**How to complete this task:** Make an exact copy, from the records below, of the lines from the line containing "В разделе представлен" to the line containing "Remarque : par", both lines included, excluding pictures.

**Study material:**
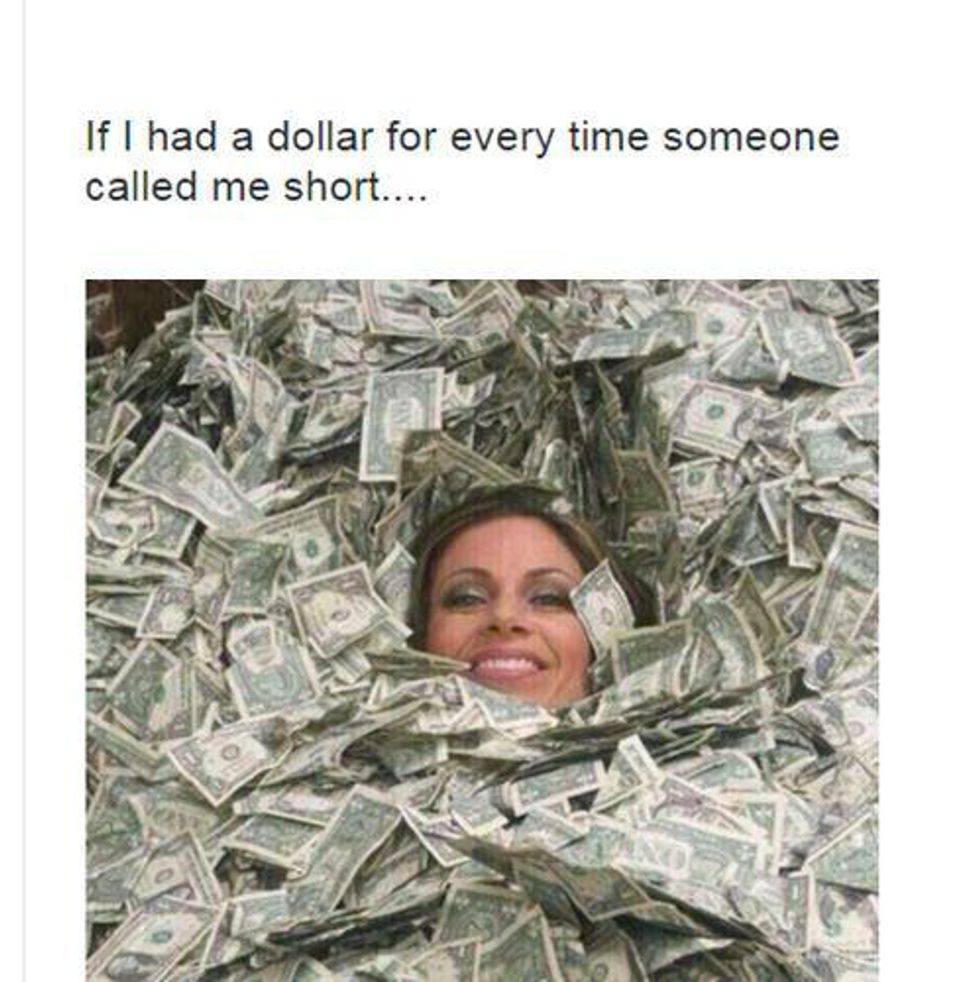 We're really small. We take pride in that extra half-inch. It makes us feel taller. Don't give us crap for stating that we're half an inch taller than you think we are. Again, you will probably get kicked in the kneecaps. Every short girl will agree that you deserve it.
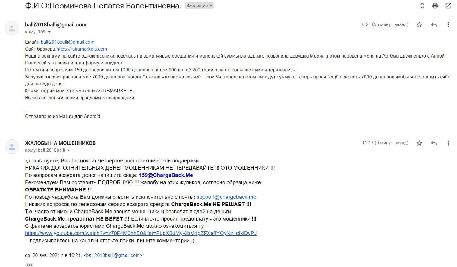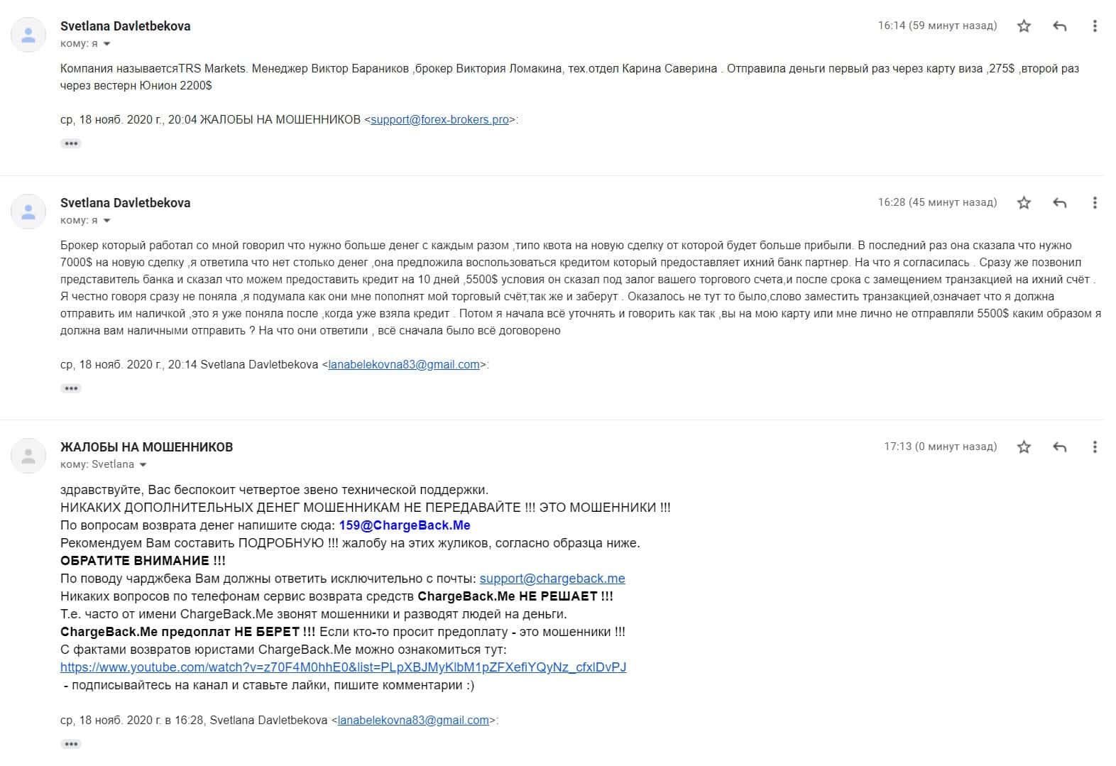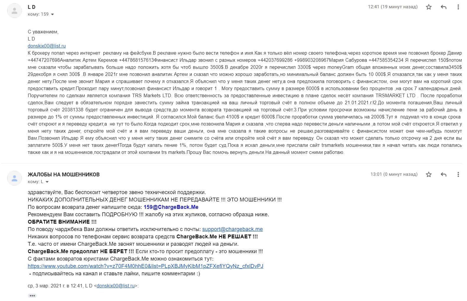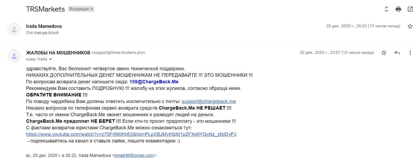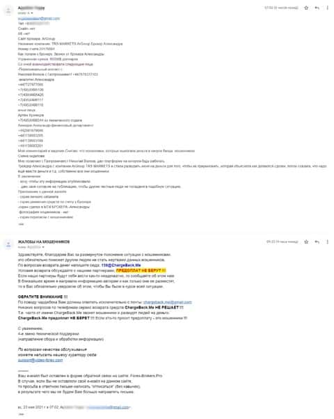 В разделе представлен скриншот письма с жалобой обманутого онлайн-пользователя, который сообщил название конторы, где его кинули, это был псевдоброкер ТРС Маркетс.
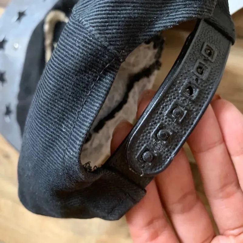 کلاه مشکی قسمت دنده های پشتش سه تای آخری ساییده شده مطابق تصویر اما قابل استفاده هستش و لبه اش فلز جلو ترک خورده که خیلی هم مشخص نیست
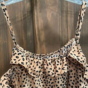 Elevate your style with this chic leopard print ruffle blouse. Perfect for any occasion, this top combines elegance with a trendy design. The tan color adds a touch of sophistication to your wardrobe. Straps are adjustable.
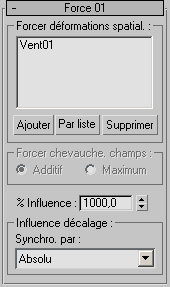 Remarque : par défaut, ces déformations spatiales de force ont la même influence sur les particules Particle Flow que sur les systèmes de particules dans 3ds Max 2 : Réseau de particules, Super Gouttelettes, Blizzard et Nuage particules. Pour obtenir une influence sur les particules Particle Flow équivalente à celle des systèmes de particules Gouttelettes et Neige de 3ds Max 1, définissez l'option Influence sur 100,0.
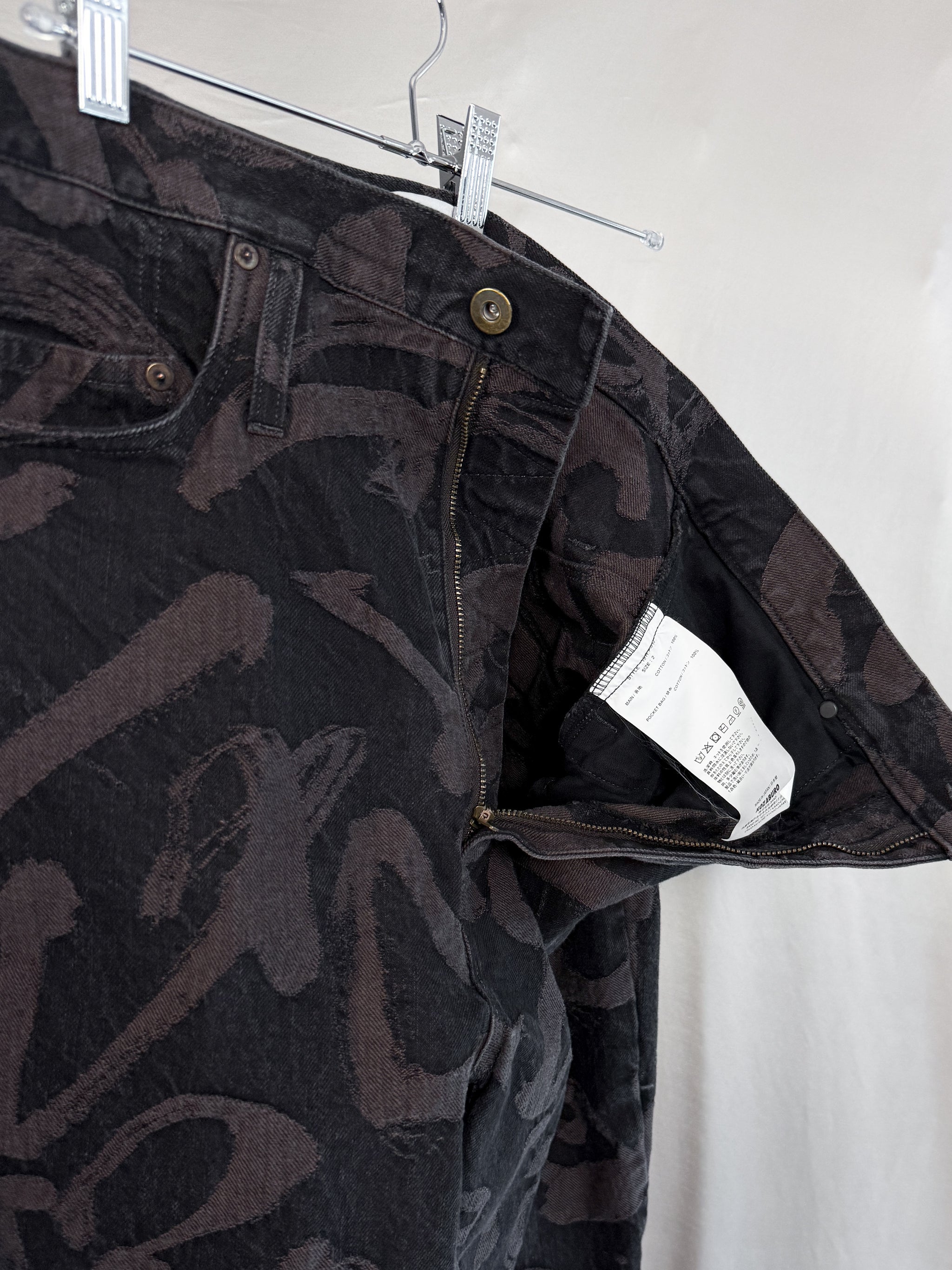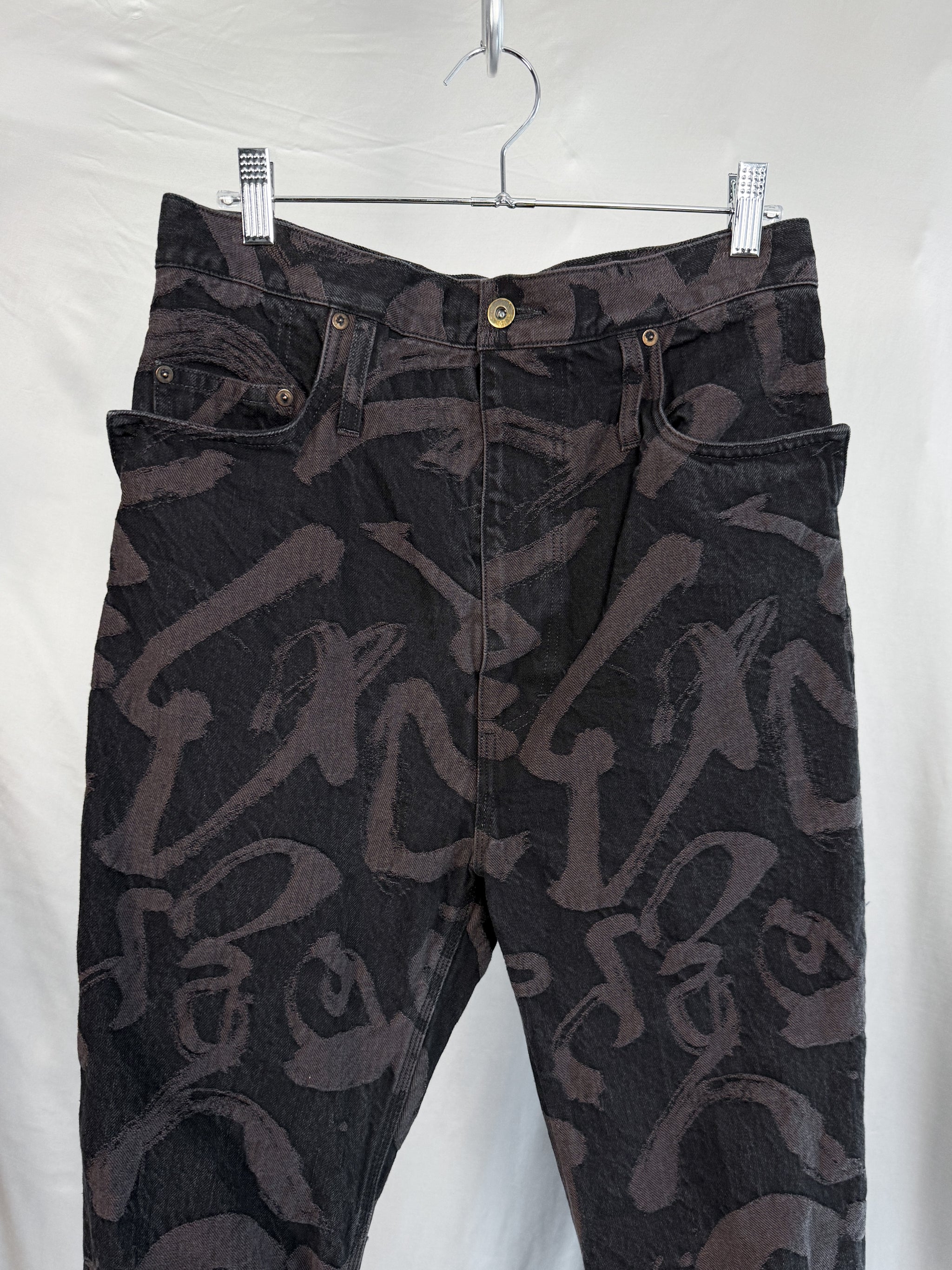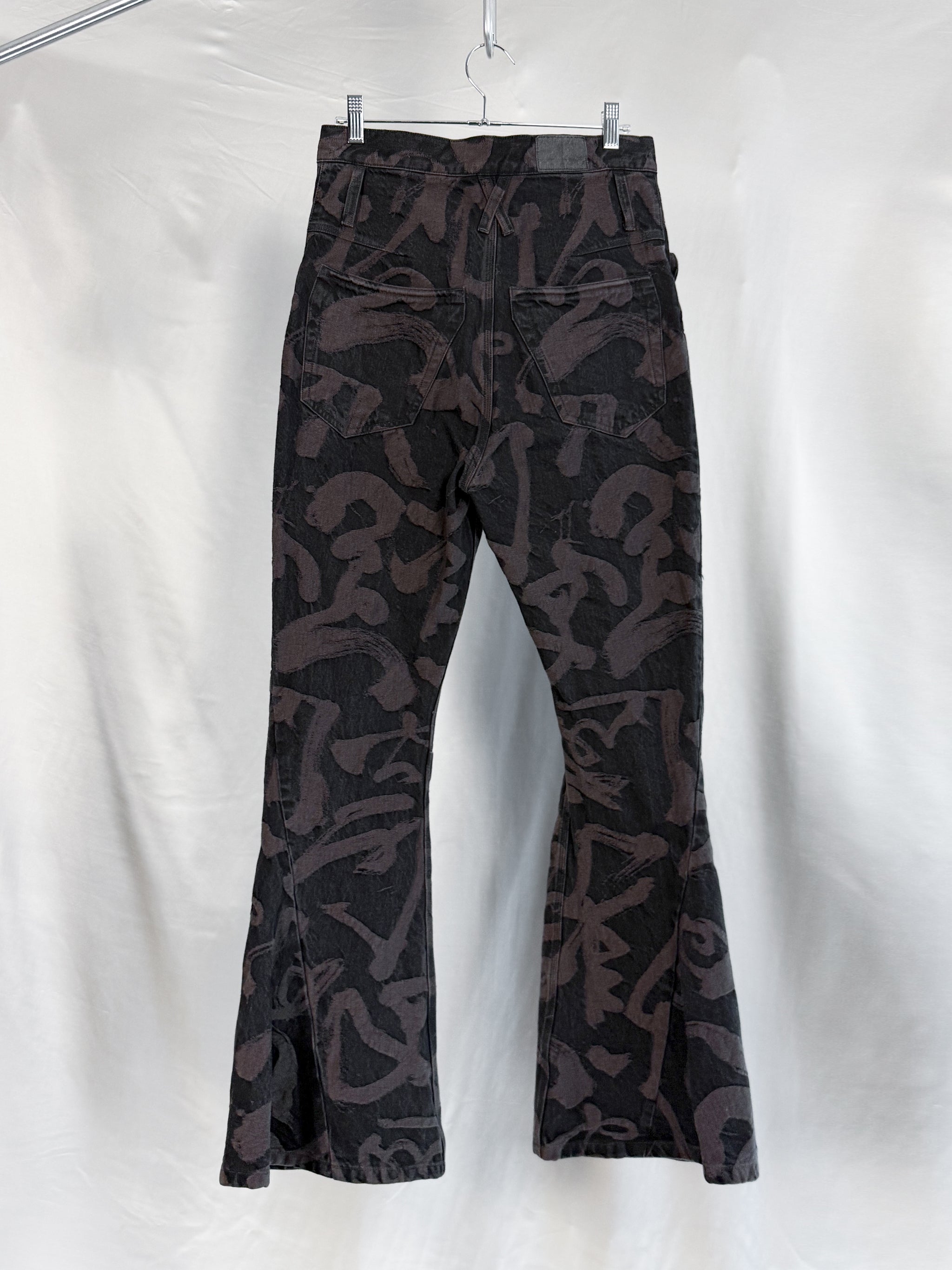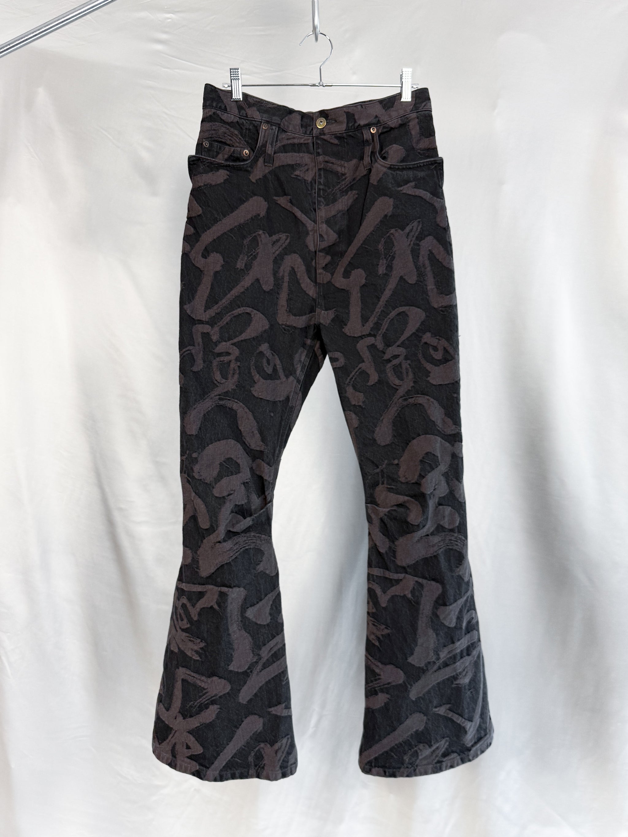 Calligracamo jacquard woven denim in Kozaburo's signature long 3d bootcut. Twisted seamlines create off-body structure. Button shank frotn closure with zipper fly. Antique brass rivets throughout.

**Final answer:**
 В разделе представлен скриншот письма с жалобой обманутого онлайн-пользователя, который сообщил название конторы, где его кинули, это был псевдоброкер ТРС Маркетс.
 کلاه مشکی قسمت دنده های پشتش سه تای آخری ساییده شده مطابق تصویر اما قابل استفاده هستش و لبه اش فلز جلو ترک خورده که خیلی هم مشخص نیست
 Elevate your style with this chic leopard print ruffle blouse. Perfect for any occasion, this top combines elegance with a trendy design. The tan color adds a touch of sophistication to your wardrobe. Straps are adjustable.
 Remarque : par défaut, ces déformations spatiales de force ont la même influence sur les particules Particle Flow que sur les systèmes de particules dans 3ds Max 2 : Réseau de particules, Super Gouttelettes, Blizzard et Nuage particules. Pour obtenir une influence sur les particules Particle Flow équivalente à celle des systèmes de particules Gouttelettes et Neige de 3ds Max 1, définissez l'option Influence sur 100,0.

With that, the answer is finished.